SANDS BROTHERS & CO., LTD.
INVESTMENT BANKERS
MEMBER NYSE
00 XXXX XXXXXX, XXX XXXX, X.X. 10016
(000) 000-0000 Toll Free (000) 000-0000 Fax (000) 000-0000
August 3, 2000
Constellation 3D, Inc.
000 Xxxx Xxxxxx, Xxxxx 000
Xxx Xxxx, XX 00000
Attn: Xxxxxx Xxxxxx
President and CEO
Dear Xx. Xxxxxx:
The parties hereto, Constellation 3D, Inc. (f/k/a C3D Inc.), a
Florida corporation (the "Company") and Sands Brothers & Co., Ltd., a Delaware
corporation ("Sands Brothers") have entered into (A) that certain placement
agency agreement (hereinafter the "Agency Agreement") dated as of December 1,
1999, as amended December 22, 1999, March 7, 2000, March 23, 2000, April 17,
2000, May 31, 2000, June 28, 2000 and July 13, and as supplemented by that
certain letter agreement dated February 8, 2000 (hereinafter the "Agency
Agreement") and (B) that certain Warrant Agreement dated as of December 1, 1999
as amended on March 23, 2000, April 17, 2000, May 31, 2000, June 28, 2000 and
July 13, 2000 (the "Warrant Agreement"). Capitalized terms used herein not
otherwise defined shall have the meanings ascribed to them in the Agency
Agreement.
In connection therewith, the parties hereto agree as follows:
Constellation 3D, Inc.
August 3, 2000
Page 2
1. In connection with any financing by Protocol, Hartford
Financial Group, Inc., and/or their respective affiliates, related parties and
financing sources (collectively the "Sands Group"), or any financing by any
other party introduced directly or indirectly by Sands Brothers on terms at
least as favorable as those that were proposed by Protocol and/or Hartford
Financial Group, Inc., should such funding be consummated by no later than 90
days from the date hereof and provided that the Hartford Financial Group, Inc.
financing is consummated by August 11, 2000 (which, for the purposes of this
letter shall include financing source(s) having good and immediately available
funds for the Company, but the Company not accepting such financing), then Sands
Brothers shall be entitled to receive Warrants on the following basis: on the
first $25 million of financing, Sands Brothers shall receive 300,000 Warrants
for each $1 million of financing; and on a further $50 million of financing,
Sands Brothers shall receive 150,000 Warrants for each $1 million of financing.
The exercise price of such Warrants shall be $10.34 per share; provided,
however, in the event that at least $75 million of financing is available from
financing sources having good and immediately available funds for the Company,
then the exercise price on all of such Warrants shall be reduced to $8.25 per
share. Anything contained in the Warrant Agreement to the contrary
notwithstanding, the first 2.4 million of such Warrants shall contain "cashless"

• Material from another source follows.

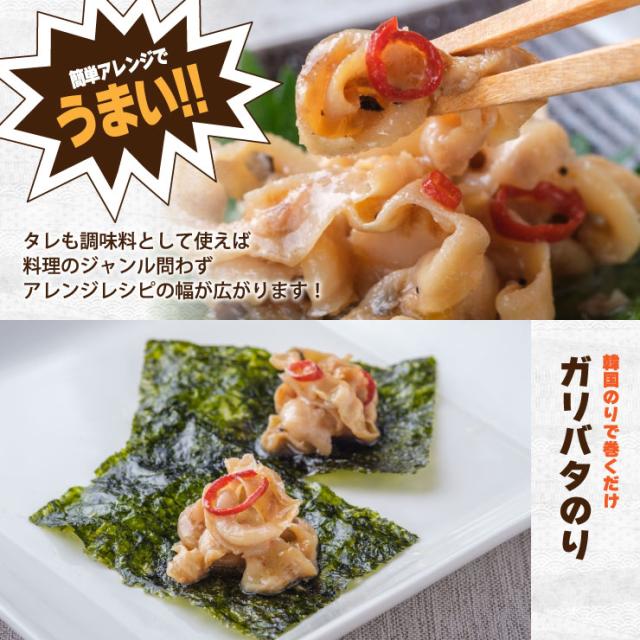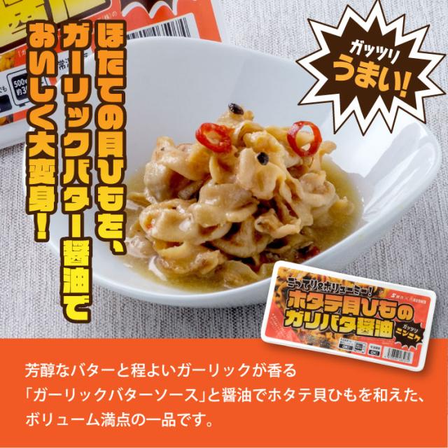 【原材料名】ほたてひも(宮城県産)、ガーリックバターソース(食用植物油脂、油脂加工品(食用植物油脂、バター)、岩塩、砂糖、香味料)、しょうゆ、こしょう、唐辛子/増粘剤(加工でんぷん、増粘多糖類)、調味料(アミノ酸等)、酸味料、香料、乳化剤、クチナシ色素、(一部に乳成分・大豆・小麦を含む)

exercise provisions, but any Warrants issued in addition to such first 2.4
million Warrants shall not contain "cashless" exercise provisions. Furthermore,
after the issuance of 12.6 million Warrants hereto, the parties hereto agree to
the cancellation of the Sands Brothers Warrant Certificate No. SB-2 for 2.4
million Warrants dated December 1, 1999, on a pro-rata basis up to an aggregate
of 15 million Warrants to be issued hereto. In addition, the Warrants issued
pursuant to Certificate No. SB-2 shall be amended to not have "cashless"
exercise provisions on a pro-rata basis upon issuance of the first 2.4 million
Warrants issued pursuant to this letter agreement.
2. Except as set forth herein, the Agency Agreement and the
Warrant Agreement, each as amended, shall remain in full force and effect.
Constellation 3D, Inc.
August 3, 2000
Page 3
IN WITNESS WHEREOF, the Company and Sands Brothers have caused
this Agreement to be executed by its duly authorized representative.
CONSTELLATION 3D, INC. SANDS BROTHERS & CO., LTD.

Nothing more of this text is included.